Today marks the start of the annual Electronic Entertainment Expo – otherwise known as E3. This massive trade show in California sees the big platform holders and publishers announce new wares to get the industry, retailers and gamers excited. I’ve attended the expo in Los Angeles, played the games, asked the usual questions, been given the same bullshit PR-okayed answers, drank the free drinks and flew home again. And you know what? The whole thing was a complete waste of time.
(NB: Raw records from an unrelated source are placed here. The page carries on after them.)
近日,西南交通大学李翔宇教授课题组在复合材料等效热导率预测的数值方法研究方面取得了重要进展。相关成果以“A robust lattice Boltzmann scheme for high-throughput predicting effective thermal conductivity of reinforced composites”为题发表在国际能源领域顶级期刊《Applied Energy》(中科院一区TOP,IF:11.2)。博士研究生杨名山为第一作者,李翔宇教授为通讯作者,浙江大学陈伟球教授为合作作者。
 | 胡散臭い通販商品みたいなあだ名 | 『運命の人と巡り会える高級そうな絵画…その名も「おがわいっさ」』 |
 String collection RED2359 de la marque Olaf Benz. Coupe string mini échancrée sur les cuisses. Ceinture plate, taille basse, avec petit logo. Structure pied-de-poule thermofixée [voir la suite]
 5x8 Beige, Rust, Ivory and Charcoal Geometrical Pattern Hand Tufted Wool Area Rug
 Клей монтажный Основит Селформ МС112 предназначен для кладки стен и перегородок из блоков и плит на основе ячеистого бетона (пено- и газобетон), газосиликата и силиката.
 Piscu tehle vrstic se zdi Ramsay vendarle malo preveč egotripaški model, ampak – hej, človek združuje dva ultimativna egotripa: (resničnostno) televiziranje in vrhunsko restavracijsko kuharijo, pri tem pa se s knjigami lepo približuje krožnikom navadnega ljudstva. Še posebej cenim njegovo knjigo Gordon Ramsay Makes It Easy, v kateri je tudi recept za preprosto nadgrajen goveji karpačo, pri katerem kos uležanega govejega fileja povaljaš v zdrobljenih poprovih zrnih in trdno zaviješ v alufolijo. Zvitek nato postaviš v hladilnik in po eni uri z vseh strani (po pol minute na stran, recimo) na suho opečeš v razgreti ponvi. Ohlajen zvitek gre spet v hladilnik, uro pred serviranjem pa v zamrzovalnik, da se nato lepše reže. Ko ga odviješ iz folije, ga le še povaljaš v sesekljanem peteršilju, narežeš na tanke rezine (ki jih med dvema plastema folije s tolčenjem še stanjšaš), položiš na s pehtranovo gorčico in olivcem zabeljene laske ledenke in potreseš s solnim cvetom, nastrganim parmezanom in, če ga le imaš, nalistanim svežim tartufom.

Attending the expo is pointless for anyone who thinks they are a videogames journalist. There are no stories there, no scoops. There’s nothing you will read over the next few days that is anything other than carefully managed ouput from the PR department of major electronics and software companies. For the fanboys there will be some excitement, yes for those who somehow pin their self worth on a major corporation, but when all is said and done E3 is just glorified multimedia press release.
Many of you will watch the live feeds, read the achingly pointless and self-important liveblogging streams and devour every movie and screenshot being shat out of the giant glass anus that is the LA Convention Centre. But you are wasting your time. There’s not actually going to be anything really exciting announced. Every publisher will be showing off more third/first person shooters that either rip-off Modern Warfare or Gears of War. Most of the stuff on display at E3 will be based on the Unreal Engine, the bland face of modern gaming. You’ve seen one Unreal-based shooter you really have seen them all.
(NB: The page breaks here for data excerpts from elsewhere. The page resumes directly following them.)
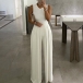 Elegant Solid Color Sleeveless Round Neck High Waist Jumpsuit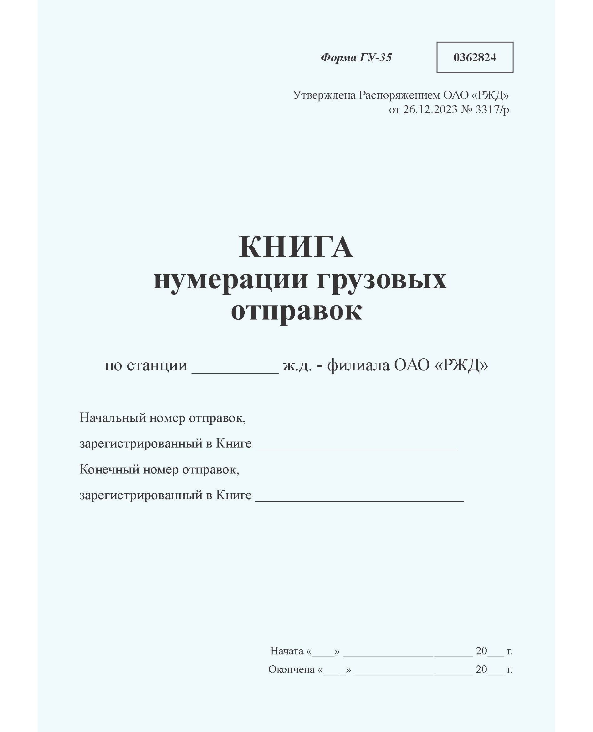 Книга нумерации грузовых отправок формы ГУ-35. Утверждена Распоряжением ОАО "РЖД" от 26.12.2023 № 3317/р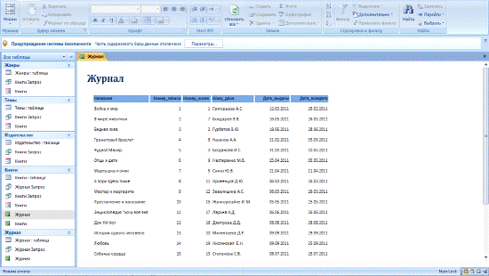 Рис. 3 Основная таблица «Книги»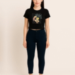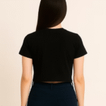 Crafted from soft, stretchable Lycra, it offers a breathable feel and relaxed boxy silhouette—perfect for everyday wear. The short sleeves and cropped length add a trendy touch, making it easy to pair with high-waisted jeans, skirts, or joggers.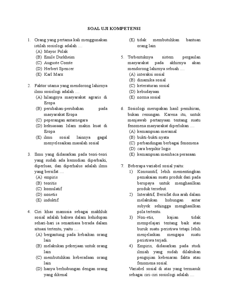 Bank Soal Sosiologi X; Aplikasi Sosiologi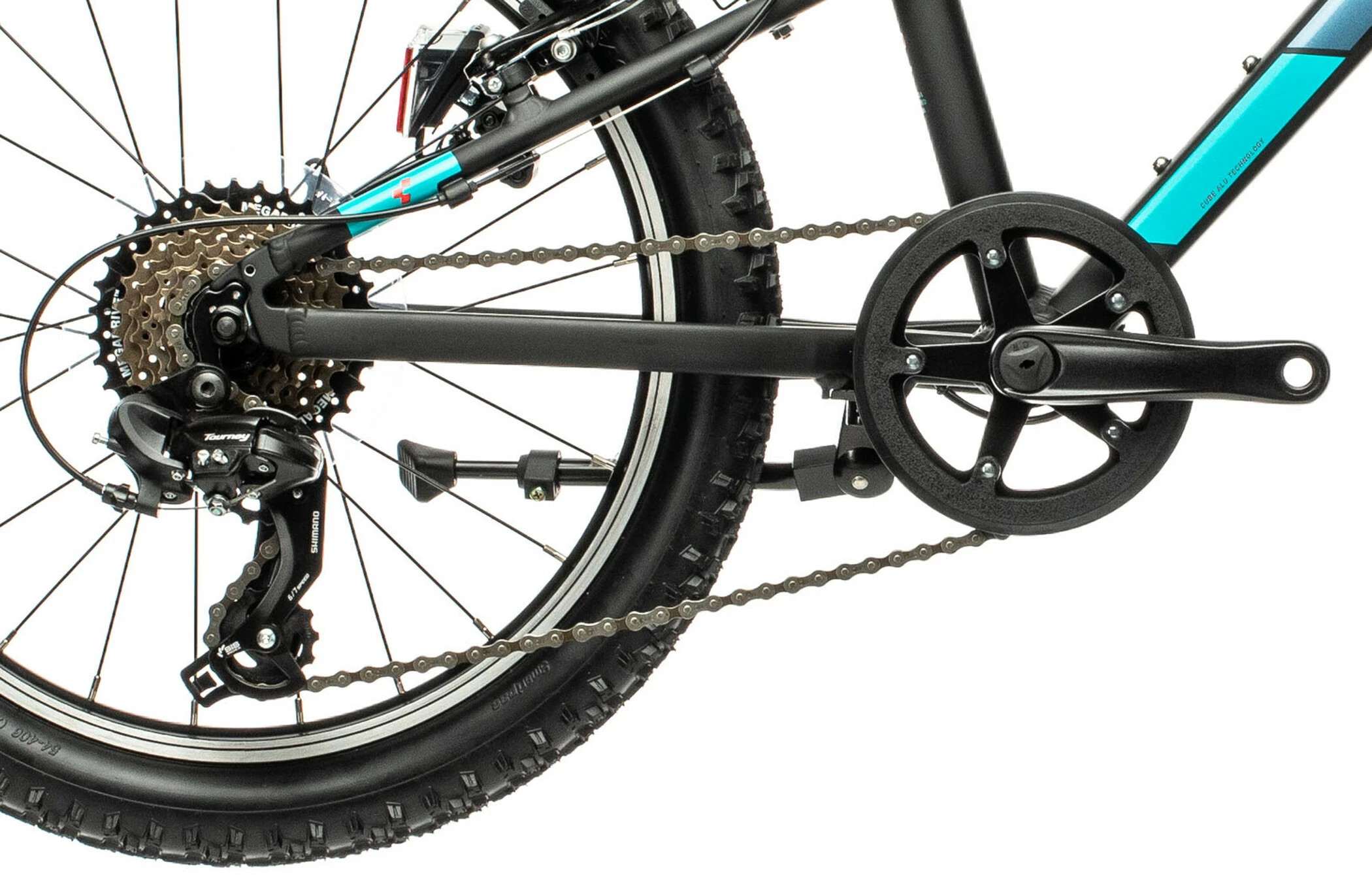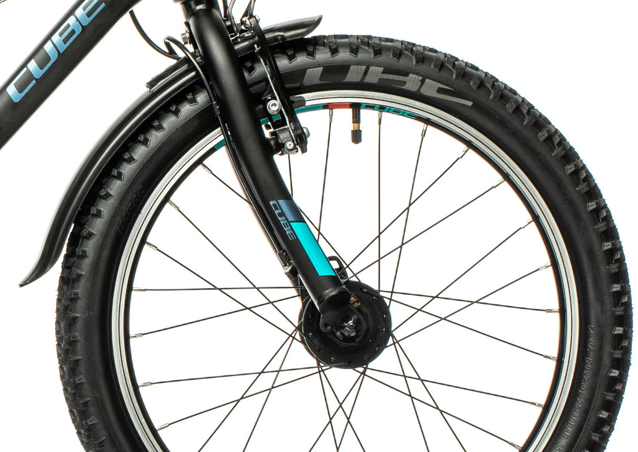 Acid 200’s varmebehandlede 6061 aluminiumsramme har samme kvalitet og holdbarhed som Cubes full-size mountainbikes. Den er let og stærk takket være et buet og formet underrør, der er skræddersyet specifikt til en ung rytters vægt. V-bremseudtag for og bag er de samme som på mors eller fars cykel. Og fordi vi ved, at ulykker kan ske, har vi monteret et udskifteligt derailleurophæng – så et uventet fald ikke ødelægger rammen.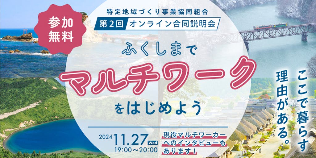 ■開催日時:令和6年11月27日(水)19時00分~20時00分 ■参加方法:オンライン(Zoom) ■対象者:福島県内への移住やUターンを検討している方、マルチワークや田舎暮らしに興味がある方 等(福島県在住者も可) ■プログラム: (1)特定地域づくり事業協同組合制度について (2)各組合プレゼンテーション (3)先輩マルチワーカーの移住体験トーク (4)質疑応答
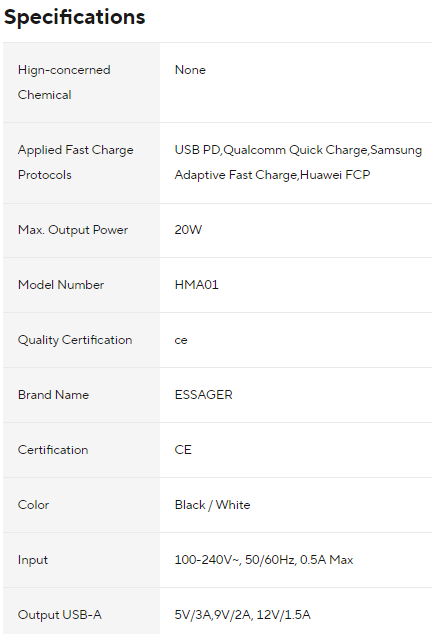 Essager 20W GaN USB Type-C Charger - PD Fast Charge QC 3.0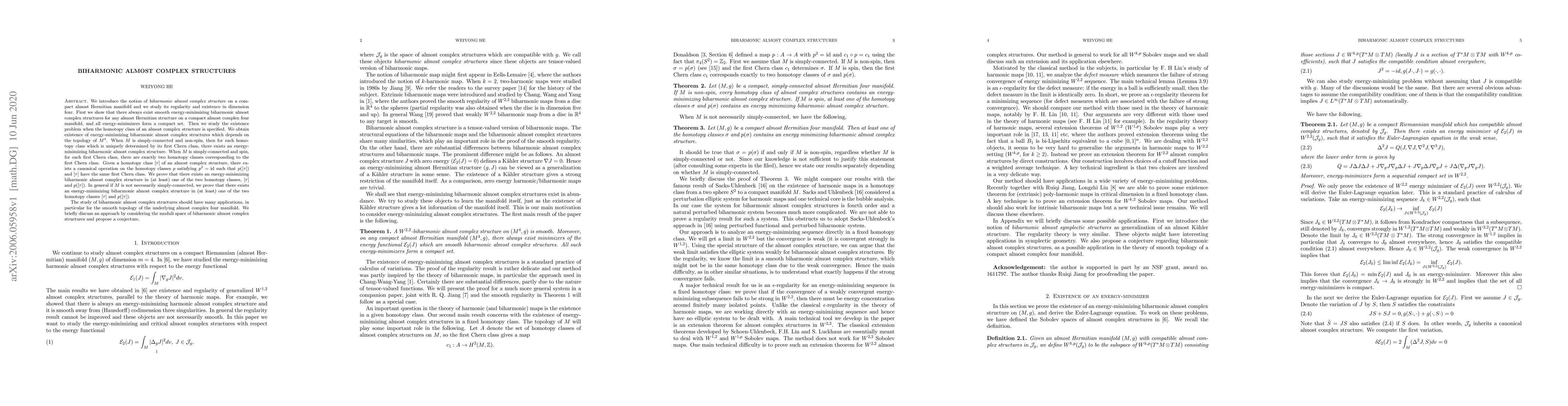 This paper introduces the concept of biharmonic almost complex structures on compact almost Hermitian four-manifolds, proving their existence and regularity. It demonstrates that for any almost Hermitian structure, smooth energy-minimizing biharmonic almost complex structures exist, and establishes conditions for their existence based on the manifold's topology, particularly focusing on simply-connected and spin manifolds.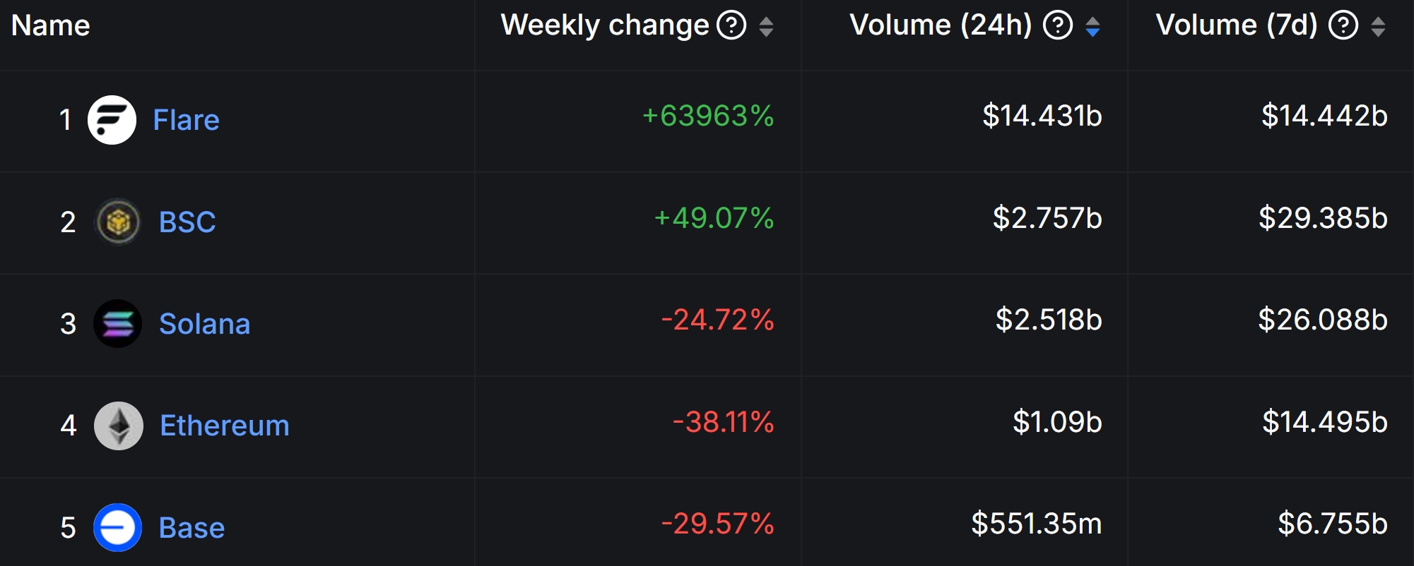 緊接著趙長鵬上周曝光愛犬名字 Broccoli ,更導致成百上千個名為 Broccoli 的迷因幣湧現,進一步吸引市場資金湧入 BNB Chain ,受益於趙長鵬的喊單效應,Defillama 數據顯示,BNB Chain 上交易量在過去一周逼近 300 億美元,周增幅高達 49.07%,交易量在各大主要公鏈高居榜首。

And what of the platform holders? Oh you are excited about Nintendo are you? Here’s how it’s going to go. Nintendo will open the show to much excitement, you may even let out a little bit of wee when Miyamoto-san takes the stage to pretend to be Link or something. The company will announce some new gimmick-based console that you’ll get ridiculously excited about. In a year it will be collecting dust under your sofa next to all the crappy cynical cash-in shite that Ubisoft flooded the format with. And you’ll be back to playing Modern Warfare 5 on you sixth replacement Xbox.
The games industry will announce so much junk this week and it’s all your fault. It’s your fault that even the very best and most ambitious games have you wandering around waiting for your pad to vibrate so you don’t have to use your eyes, ears or God forbid your brain. How sophisticated? Lab rats get to play more complex forms of entertainment. But you folks buy this crap. You didn’t buy the complex games, the ones that require thought and intelligence, the games that came complete with a lovingly produced manual for you to enjoy. No you wanted the same old crap every time, a first level – some £5 of your money – that teaches you how to walk, how to crawl under a pipe, how to leap over a barrier and a quick test of whether you know which direction up is.
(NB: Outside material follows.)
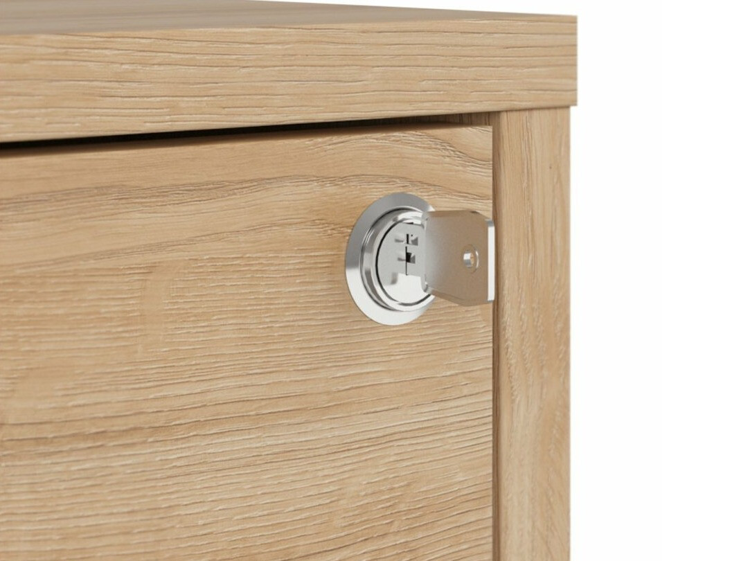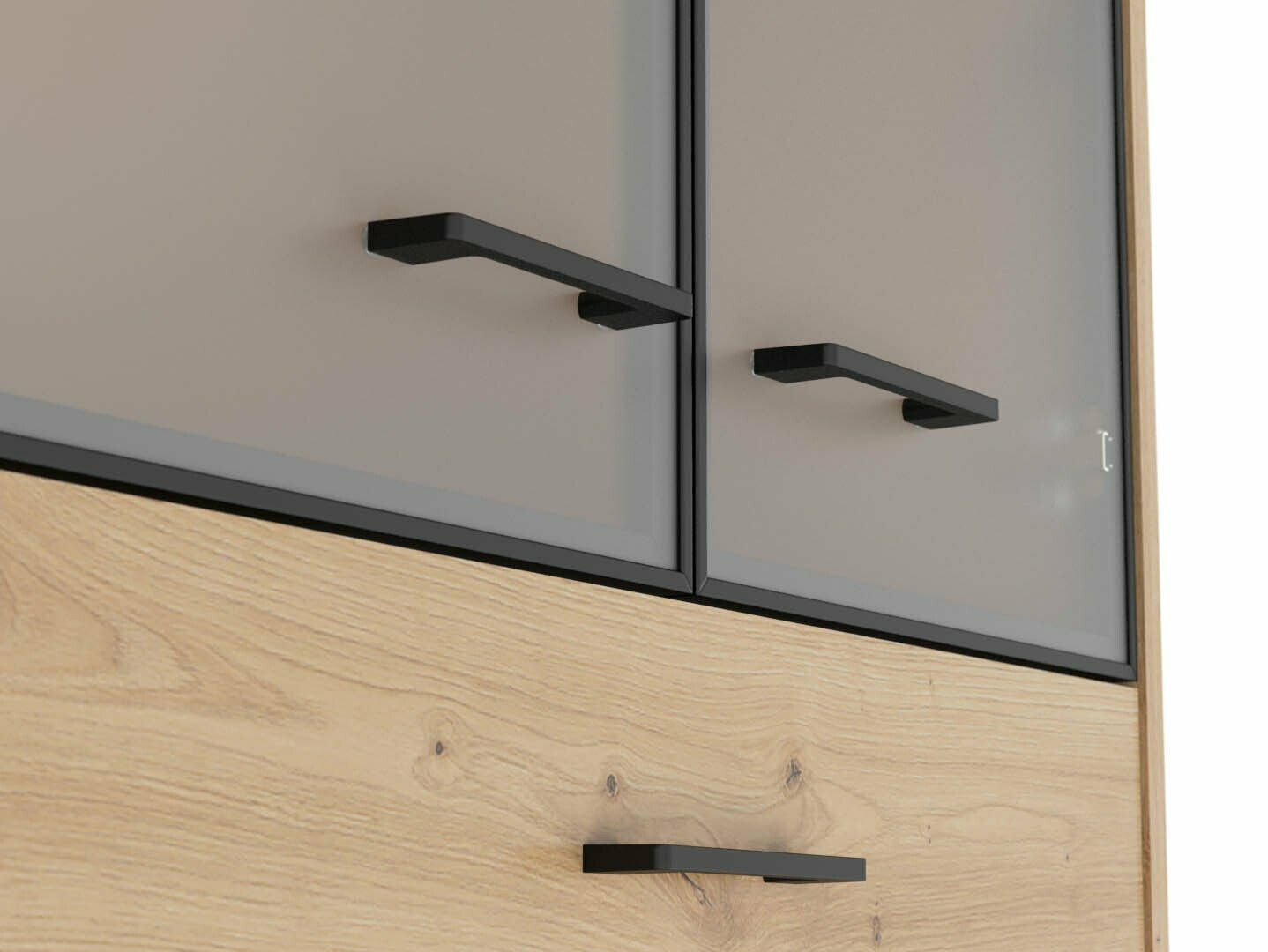 Wenn Sie auf der Suche nach funktionellen Möbeln sind, ist diese Kollektion genau das Richtige für Sie! Die Kombination aus Eichenholzoptik „Artisan“ und Schwarz verleiht den Möbeln Modernität. Die minimalistischen schwarzen Kunststoffgriffe fügen sich perfekt in das Design ein. Die Möbel der Kollektion bestehen aus laminierten Spanplatten mit einer kratzfesten Oberfläche. Mit dieser Schutzfolie werden die Möbel nicht nur kratzfest, sondern auch besser vor Feuchtigkeit oder Flecken geschützt. Der in den Möbeln eingebaute geräuschlosen Schließmechanismus verbessert das Benutzererlebnis und sorgt für ein geräuschloses Öffnen und Schließen der Türen und Schubladen. Die Möbel haben sowohl offene als auch geschlossene Ablageflächen. So können persönliche Gegenstände auf sichtbaren Regalen oder versteckt hinter Türen aufbewahrt werden. Für die Kollektion wird wärmebehandeltes, gehärtetes Milchglas verwendet. Seine Widerstandsfähigkeit ist 5- bis 6-mal höher als die von gewöhnlichem, thermisch unbehandeltem Glas. Das Glas wird von einem schwarzen Aluminiumrahmen eingefasst. Die Regale der Kollektion sind universell einsetzbar. Bei der Montage kann man entscheiden, in welche Richtung sich die Tür öffnen soll. Die Schubladenschränke haben Rollen anstelle von Füßen, was das Verschieben der Möbel im Raum sehr einfach und bequem macht. Die Einlegeböden ermöglichen außerdem eine noch sicherere Aufbewahrung von persönlichen Gegenständen. Das Gestell der Schreibtische dieser Kollektion besteht aus einem schwarzen Metallrahmen, der für Stabilität sorgt. Für diejenigen, die einen funktionalen Schreibtisch suchen, bietet die Kollektion Schreibtische mit einer elektrischen Höhenverstellung. Mit Hilfe einiger Knöpfe lässt sich die Höhe des Tisches verändern, so dass Sie Ihre Arbeit noch bequemer und ergonomischer erledigen können. Mit den funktionalen und universellen Möbeln wird die Einrichtung eines Büros zum Vergnügen.

One of the saddest experiences I’ve had this year was completing Portal 2. Sad because it was an amazing beautiful experience that got everything right and was now over. But sadder that it felt like a small oasis in an enormous dry dead desert. Some have held up Portal 2 as the sign of how far games have come, how artistic they can be, how the industry holds up against other forms of mass entertainment. But I think those things are only true for Portal 2. The game is more of an example of a very rare jewel. It shows all the rubbish peddled to us by publishers and platform holders for what it is. And today we’ll be sold tons more of it.
For the first time in years I won’t be watching.